New Hampshire: Marijuana Legalization Bill Advances
On Tuesday, the New Hampshire House Ways and Means Committee voted 14-5 to adopted a subcommittee amendment that would establish a tax and regulatory system for legal marijuana. House Bill 492 would make marijuana legal for adults 21 and over and allow limited home cultivation.

A recent Granite State Poll indicates that 60 percent of adults in New Hampshire support this measure, while 36 percent do not.

California: Initiative Failed
Legal weed in California is less likely this year. Earlier last week, the California Cannabis Hemp Initiative, which is one of the last remaining initiatives to legalize marijuana in the state, announced they did not secure enough signatures to get on the ballot in 2014.

Berton Duzy, a representative for CCHI, said although there is still a small chance the organization would get an opportunity to gather more signatures, their efforts will be most likely deterred until 2016.

Michigan: Medical Marijuana Expanded to PTSD Patients
Patients suffering from Post Traumatic Stress Disorder can now be prescribed medical marijuana in Michigan. In a vote that took place earlier this month by members of the Medical Marihuana Review Panel, the expansion of qualified conditions to include PTSD was approved 6 to 2.

Tennessee: Medical Marijuana Bill Under Revision
A bill aimed at legalizing medical marijuana in Tennessee must be revised before receiving additional consideration. House Bill 1385 was stalled in committee last week over verbiage of the bill, specifically because it does not list qualifying conditions.

However, Representative Sherry Jones, the bill’s sponsor, will have an opportunity to make the necessary changes and keep it in play. Jones says she plans to amend the bill and press on. "This is not the ’60s. It's not the ’70s. All the hippies have grown up now. So we need to move forward. We need to move up to 2014 and look at the other 22 states that already use this, that know how to dose it. There are some who have been using it for 16 years.”

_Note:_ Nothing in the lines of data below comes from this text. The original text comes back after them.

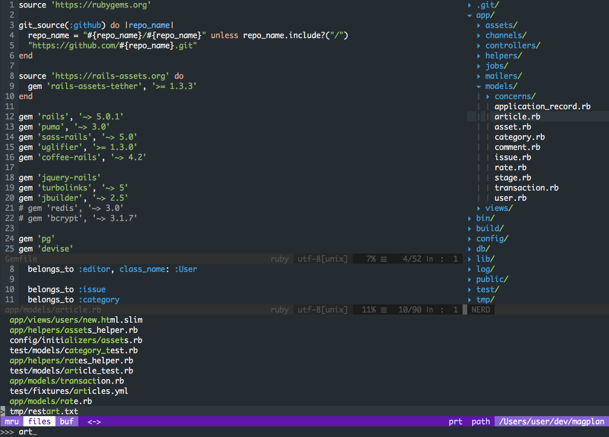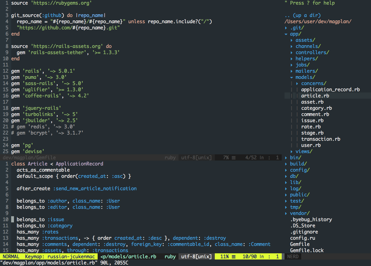 Must-have-панель со статусной информацией по текущему открытому файлу. Наверняка ты видел ее в большинстве скриншотов Vim в интернете — плагин очень популярен. Панель интерактивная, показывает текущий режим работы, раскладку, кодировку, позицию курсора в файле, строке и многое другое.
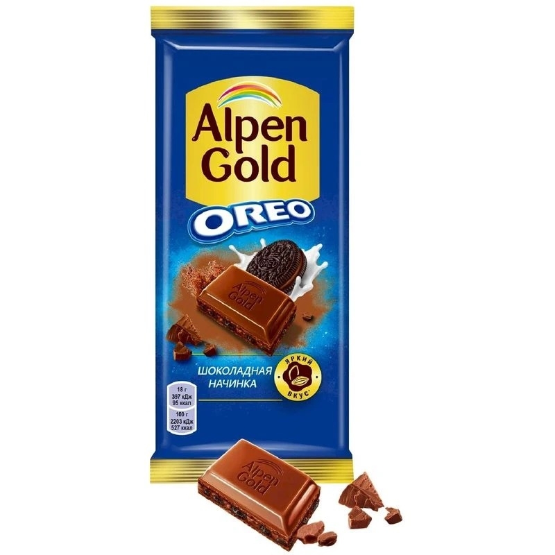 Шоколад «Альпен Гольд с шоколадной начинкой и кусочками печенья Орео. Состав: сахар, какао тертое, печенье дроблёное Орео (мука пшеничная, сахар, масло пальмовое, какао-порошок, сироп глюкозно-фруктозный, крахмал кукурузный, разрыхлители (гидрокарбонат аммония, гидрокарбонат натрия), соль, эмульгатор (лецитин соевый), регуляторы кислотности (E503(i), E524), ароматизатор), сыворотка сухая молочная, жир растительный (масло пальмовое), масло какао, молоко сухое цельное, жир молочный, молоко сухое обезжиренное, эмульгаторы (лецитин соевый, E476) ароматизатор. Может соедержать следы арахиса и других орехов. В молочной шоколадной массе содержание общего сухого остатка какао - не менее 25%, сухого обезжиренного остатка какао - не менее 2,5%, сухого общего остатка молока - не мене 12%, молочного жира - не менее 2,5%. Общее содержание какао-продуктов в молочной шоколадной массе – не менее 25%. Пищевая ценность: жиры 29г, углеводы 61г, белки 4,8г, пищевый волокна 2,7г, 527ккал. Хранить при тем
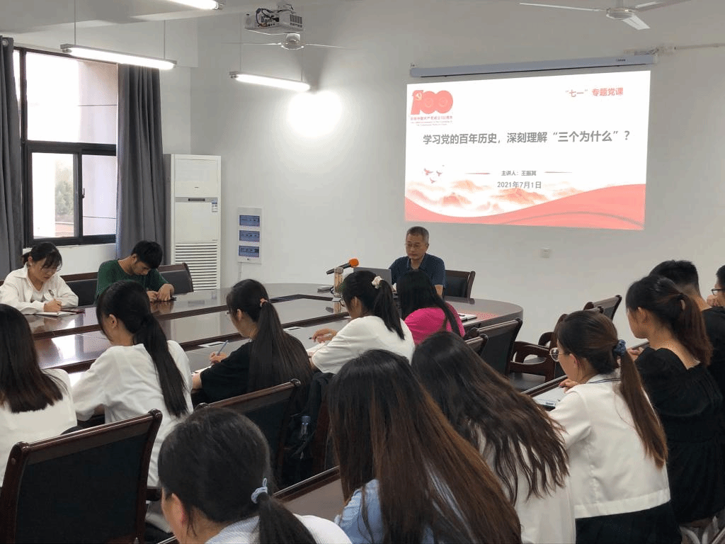为庆祝中国共产党成立100周年,深入推进党史学习教育,进一步引导广大党员坚定理想信念,7月1日下午,信息与网络工程学院党委书记王振其在尚行楼B418会议室为学院学生党员作党史学习教育“七一”专题党课。
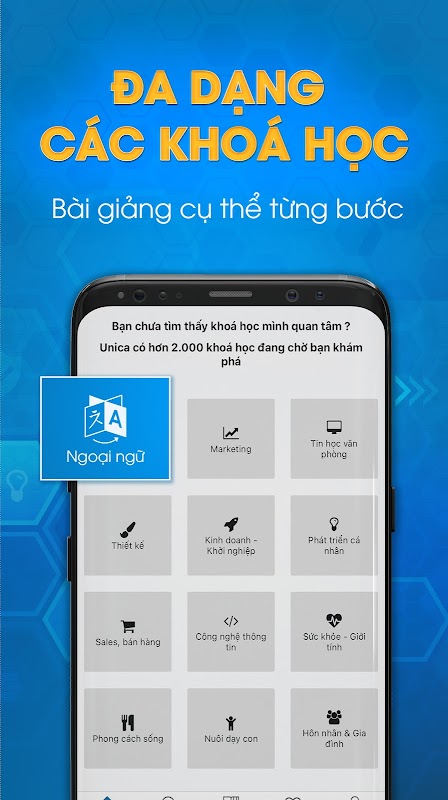 🎓 Unica - Nâng tầm tri thức. Chúng tôi luôn mong muốn được đồng hành cùng bạn trong quá trình học tập để chạm tới ước mơ nhanh nhất. Tải ứng dụng Unica để học trực tuyến ngay trên điện thoại của bạn bất cứ khi nào.
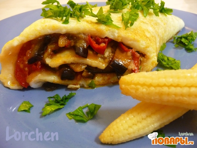 Когда омлет будет готов, сверху выложить овощную начинку и посыпать мелко порезанным чесноком, завернуть.

The House committee will revisit the bill sometime this week.

Arizona: Medical Research Bill Refused Hearing
Last week, Senator Kimberly Yee said she would not give a bill aimed at launching medical marijuana research a hearing. House Bill 2333 would allocate $6 million in state funding to be used for research purposes. However, Yee says she believes the money would be better suited elsewhere.

“I believe these funds would be better used to educate our general population, especially our youth, about the harms of recreational marijuana,” she said.

Senator Yee recently sponsored Senate Bill 1389, which would make it mandatory for all taxes and fees acquired from the Arizona medical marijuana program to be used to discourage the use of marijuana.